Wpis z mikrobloga

@Sylvie: obecnie nikim. Miał firmę eventową, w której organizował eventy dla firm. Z czasem firma się poszła #!$%@? na rzecz sekty. Miało to miejsce po śmierci ojca. Wtedy to głównym jego źródłem utrzymania i spełniania zachcianek swojego nowego partnera stał się spadek. Z czasem pętla na szyi zaczęła się zaciskać, co skończyło się odcięciem prądu w mieszkaniu jakieś 2 miesiące temu, spowodowane uchylaniem się od zapłacenia rachunków. Obecnie znowu księdza wozi
@andrzej1208: jakie to smutne.

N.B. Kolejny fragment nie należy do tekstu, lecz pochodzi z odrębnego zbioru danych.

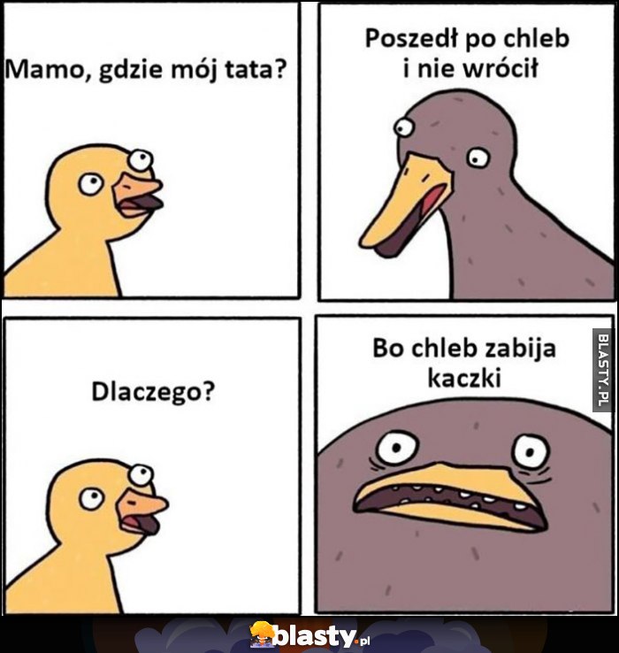 Mamo, gdzie mój tata? Poszedł po chleb i nie wrócił, dlaczego? Bo chleb zabija kaczki komiks
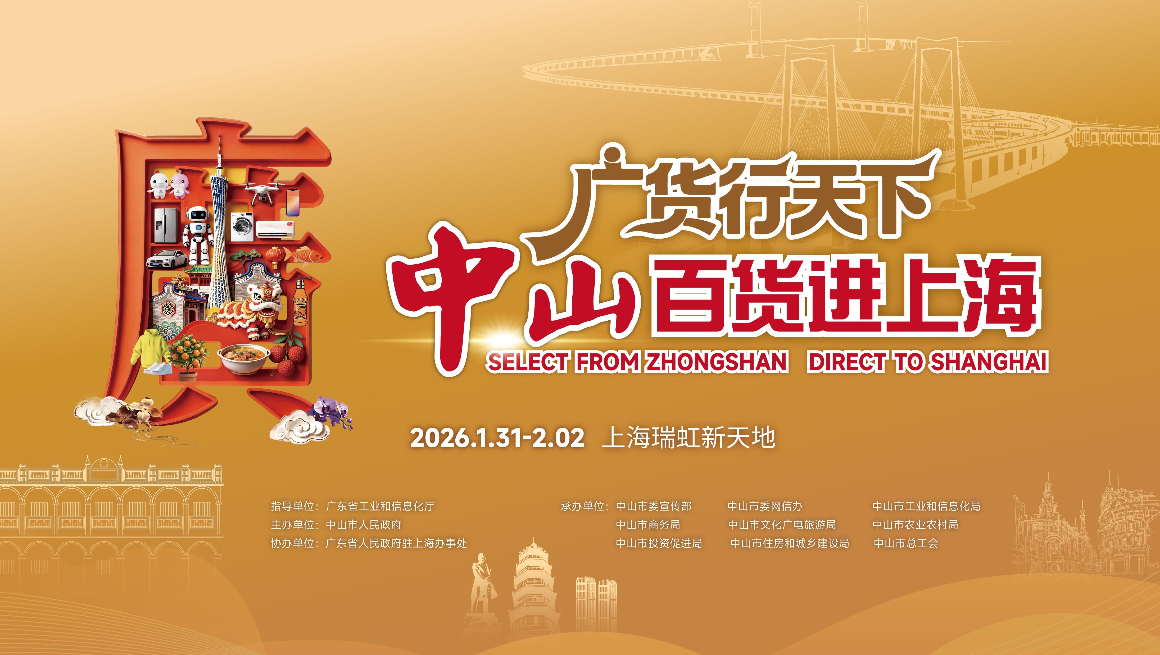 即将到来的1月31日至2月2日,“广货行天下·中山百货进上海”活动将在上海市虹口区瑞虹新天地太阳宫开展,携中山智造优品、特色风物与文旅魅力,续写香山商帮与上海滩的百年佳话。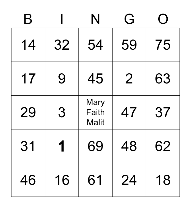 This bingo card has a free space and 24 words: 1, 16, 45, 46, 75, 14, 17, 32, 47, 69, 2, 29, 48, 62, 9, 24, 37, 54, 63, 3, 18, 31, 59 and 61.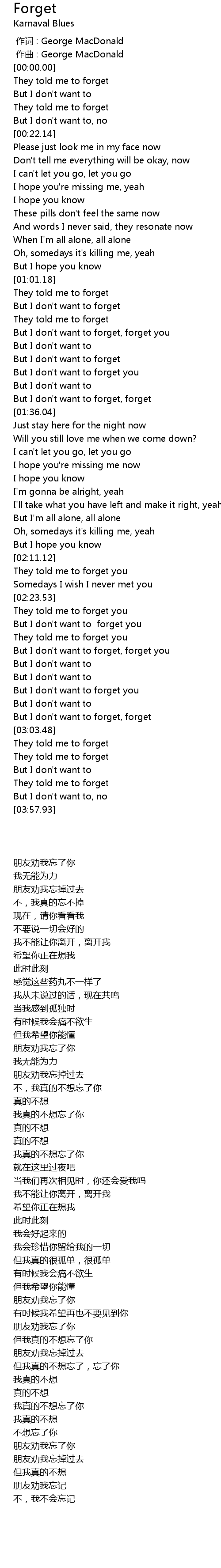| [02:59.10] | But I don' t want to forget, forget |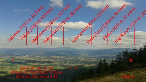 - Wczytanie bazy szczytów górskich, które odzwierciedlone są potem na mapie oraz w opcji Panoruna (automatyczne generowanie opisu górskiej panoramy).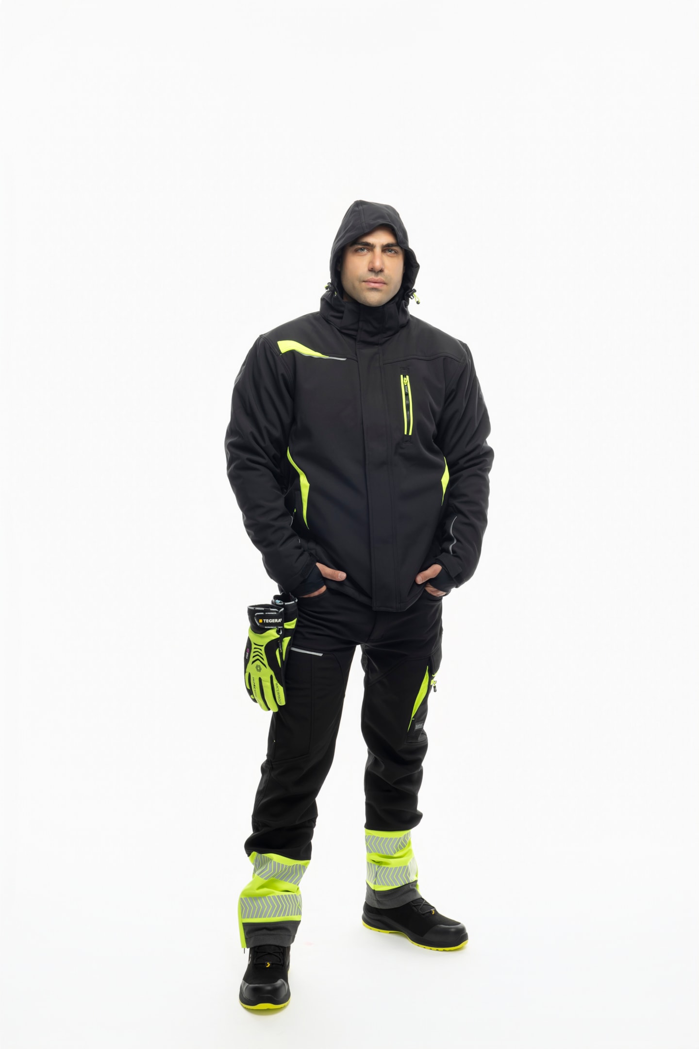 Зимни якета, панталони, полугащеризони, ръкавици и аксесоари могат да бъдат произведени в съответствие със стандартите за висока видимост (Hi-Vis). Това означава използване на флуоресцентни цветове като оранжево, жълто или лайм-зелено, комбинирани със светлоотразителни ивици.

Dziwię się, ze Woźnicki zaraz będzie eksmitowany, a ten idzie na pielgrzymkę. Ma 10 lat do emerytury, zadnego zawodu, mieszkania, beznadziejny charakter, chorobę psychiczną, a ten idzie na pielgrzymkę i jeszcze niszczy jedynych ludzi, ktorzy mu pomagają finansowo. Powinni mu zalozyc sprawę o próbę zabójstwa tych ludzi, bo naraża ich zdrowie i życie. Mam nadzieję, ze za to zapłaci.